Last update: 2022-04-22 09:44:00
Like migration the intermixing of cultures has never been as intense as it is today. But a policy like multiculturalism can go only so far because all it requires of people is to coexist in society. Its limits are exemplified for example by the mere juxtaposition of cultures, the celebration of differences for its own sake and the ethical neutrality of institutions. For some, it means being concerned with promoting one’s own group rather than pursuing an inclusive common good.
In a book accessible to scholars and non-specialists alike Paolo Gomarasca, a researcher in Moral Philosophy at Milan’s Università Cattolica, looks at the potential of métissage (a notion worthy of reflection according to Cardinal Scola) as the productive intermixing of individuals and cultures.
In a well-known argument by Foucault, the West has been trying to violently incorporate and assimilate others at least since the conquest of the New World. In looking at the Foucauldian perspective Gomarasca reflects upon the notion of métissage and the ethno-anthropological sciences that celebrate the mixing of differences and identities from a relativistic point of view. In doing so he ultimately decouples the notion of métissage from the highly charged debate over colonialism and anti-colonialism to reconnect it to that most important of human need, that of the recognition by others.
As the author correctly points out the West is not inherently assimilationist. Indeed in some cases it can meet the other on equal ground.

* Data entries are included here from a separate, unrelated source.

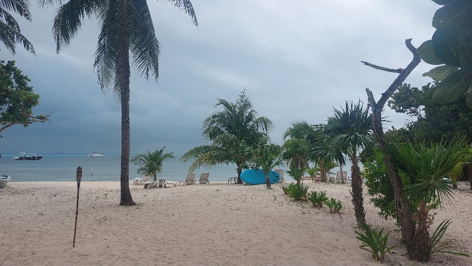 We waren nog net op tijd om even te zwemmen en toen betrok het weer en begon het keihard te regenen. Het was zo donker dat je Cancun niet meer aan de overkant zag.
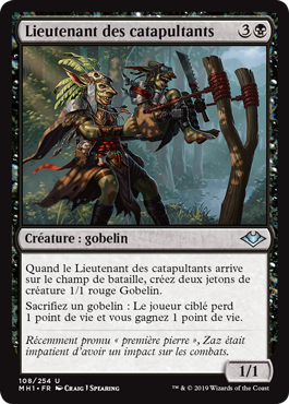 | Rules | When Sling-Gang Lieutenant enters the battlefield, create two 1/1 red Goblin creature tokens. Sacrifice a Goblin: Target player loses 1 life and you gain 1 life. |
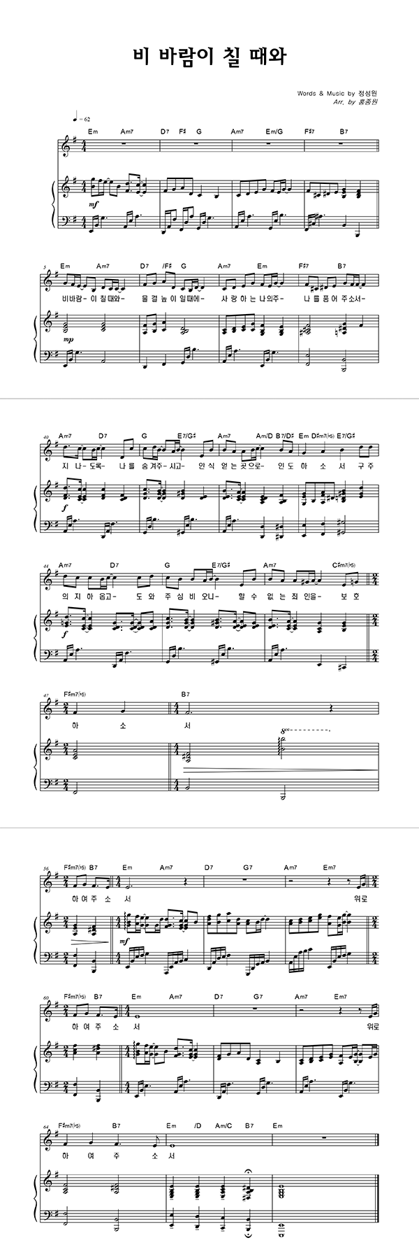 '비 바람이 칠 때와' 의 다른 악보형식
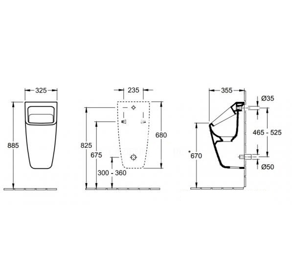 - Zakres dostawy: 1 x pisuar, 1 x odpływ, 1 x zestaw mocujący
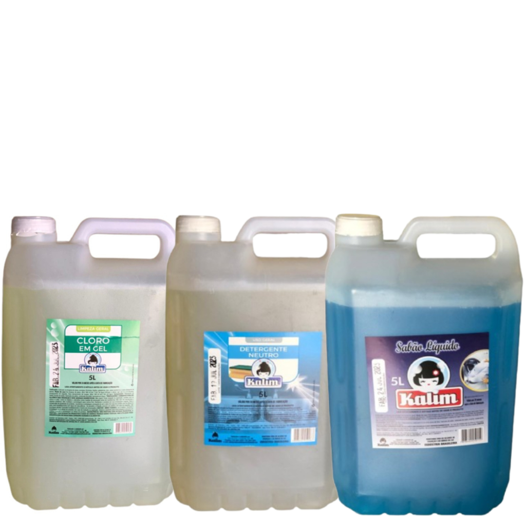 5litros sabão liquido + 5 litros cloro em gel + 5litros detergente neutro

In fact métissage would not have been possible without the recognition of the humanity, dignity and liberty of Native Americans.
Such a position was promoted by the Catholic Church, which taught that Native Americans were also created in the image and likeness of God, especially following the Provincial Councils of Lima (1583) and Mexico City (1585) where missionaries were urged to learn indigenous languages. By contrast, in North America and South Africa Protestant colonialism was quite different and quite racist.

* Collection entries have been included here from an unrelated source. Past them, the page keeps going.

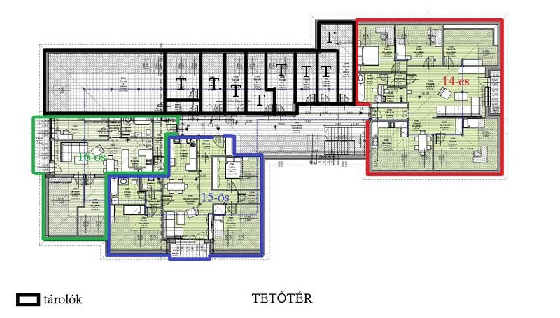 14-es lakás / nappali + 3 szoba + 2 fürdő (nettó 153.7m2, hasznos 101.31m2 + erkély 4.74m2 + tároló + parkoló), Ára: 123.844mFt + a tároló + a parkoló: előszoba (5.23m2), konyha (n° 150.1m2, haszn. 6.45m2) - étkező (n° 10.94m2, haszn. 6.92m2), közlekedő (3.91m2), nappali (33.97m2), közlekedő (2.02m2), 2 fürdőszoba (3.26m2, 6.59m2), gardrób (n° 16.12m2, haszn. 6.45m2), 3 szoba (n° 24.36m2 / haszn. 8.26m2, n° 16.53m2 / haszn. 10.23m2, n° 15.76m2 / haszn. 8.02m2). /Kód: 5124/
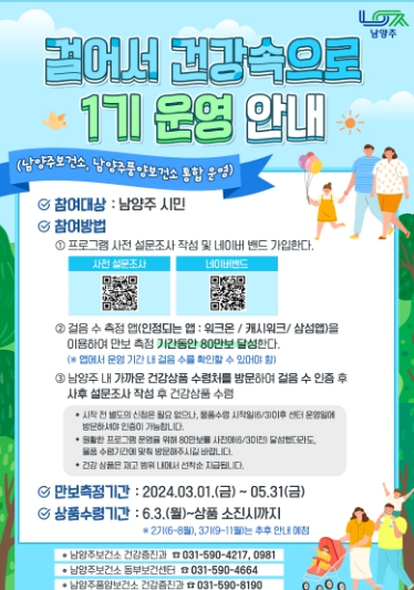 3월 1일부터 5월 31일까지 80만 보 걷기를 달성한 뒤, 6월 3일부터는 권역별 지정 장소에서 선착순으로 기념품을 받을 수 있으며, 지정 장소는 남양주보건소 건강증진실, 동부보건센터 3층 사무실, 건강생활지원센터(와부/호평/오남/별내) 4개소로 총 6곳이다.
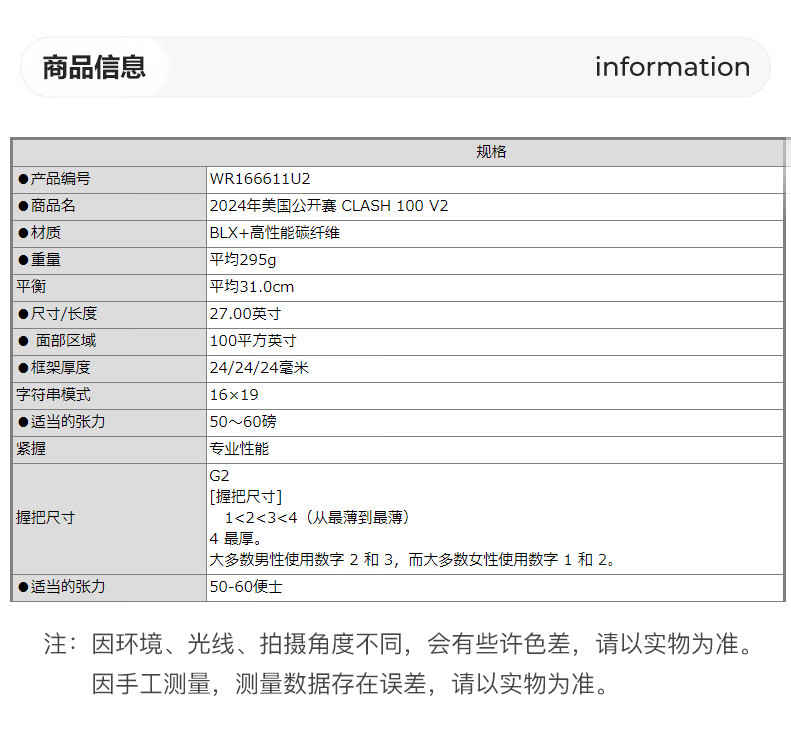 威尔胜(Wilson)网球拍碳纤维2024美网公开赛Clash 100 V2 WR166611U2专业拍
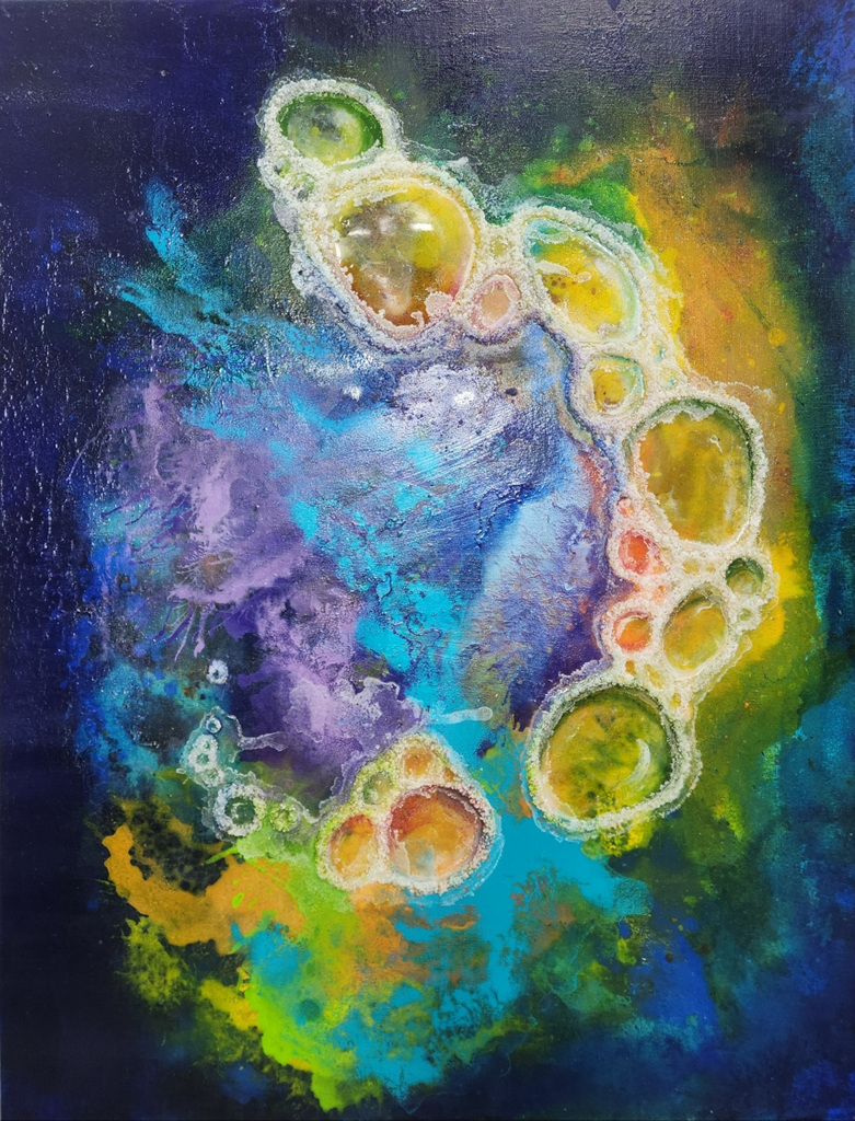 영롱한 물빛의 생기 넘치는 장면을 표현하기 위해 물감과 암염(돌소금)의 융복합적인 조화로움이 작품성을 높인다.
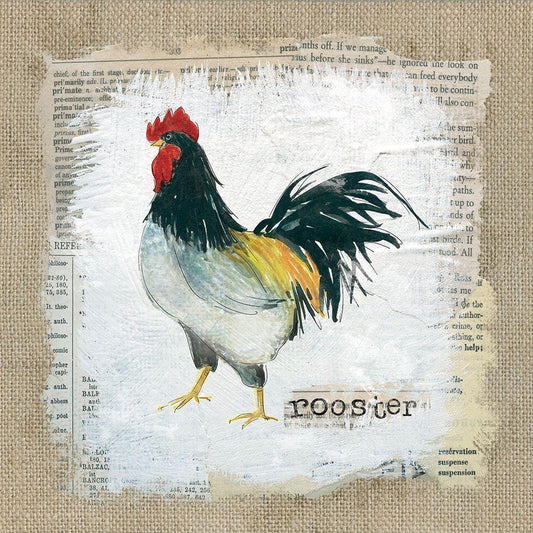 Burlap Rooster Black Modern Wood Framed Art Print by Robinson, Carol
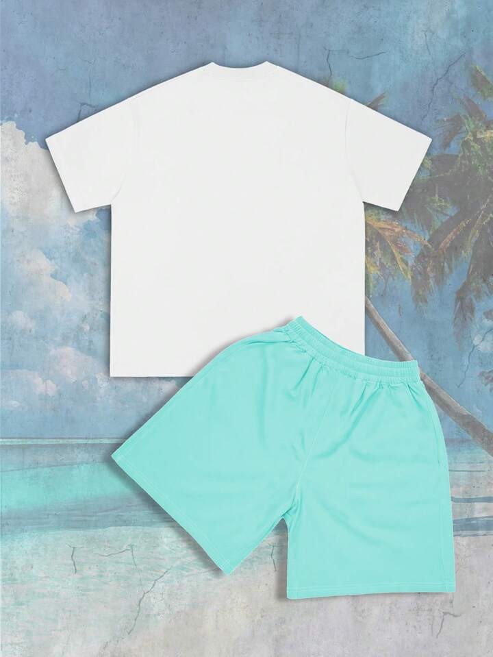 Casual Ensemble t-shirt court et short homme oversize, imprimé graphique punk. Style vintage streetwear

Inspired in particular by Hegel (but going further than the German philosopher), Gomarasca insists on the notion of recognition. For him human beings have this crucial need to relate to others, to be appreciated and valued by them, in an anthropogenic relationship.
The first and paradigmatic place for this recognition is the family (when it is well adjusted), an environment where relations of love, trust and communion are at home, where each individual can develop his or her identity and sense of self-esteem. Civil society too need not be exclusively utilitarian in nature as the existence of private social associations and agencies capable of solidarity shows.
Furthermore, like Habermas (and Böckenförde before him) Gomarasca rightly argues that the state relies on pre-state resources and repertories of behaviours and is in debt to their holders, above all the family. Given this religions have a public role to play (especially Christianity) in the development of this social capital.
Lastly for Gomarasca diversity can only be promoted if different groups are united by something. Certainly the chaos of fragmentation can only be avoided if they have something in common (and this even when their acculturation is not desired). By analogy identity and differences hang together, a situation that highlights the “ontological affinity” of all human beings, as part of a greater whole.
The outcome of the right kind of métissage is found mainly in the offspring of mixed couples who can bring together their parents’ cultures and act as valuable agents of mediation and translation.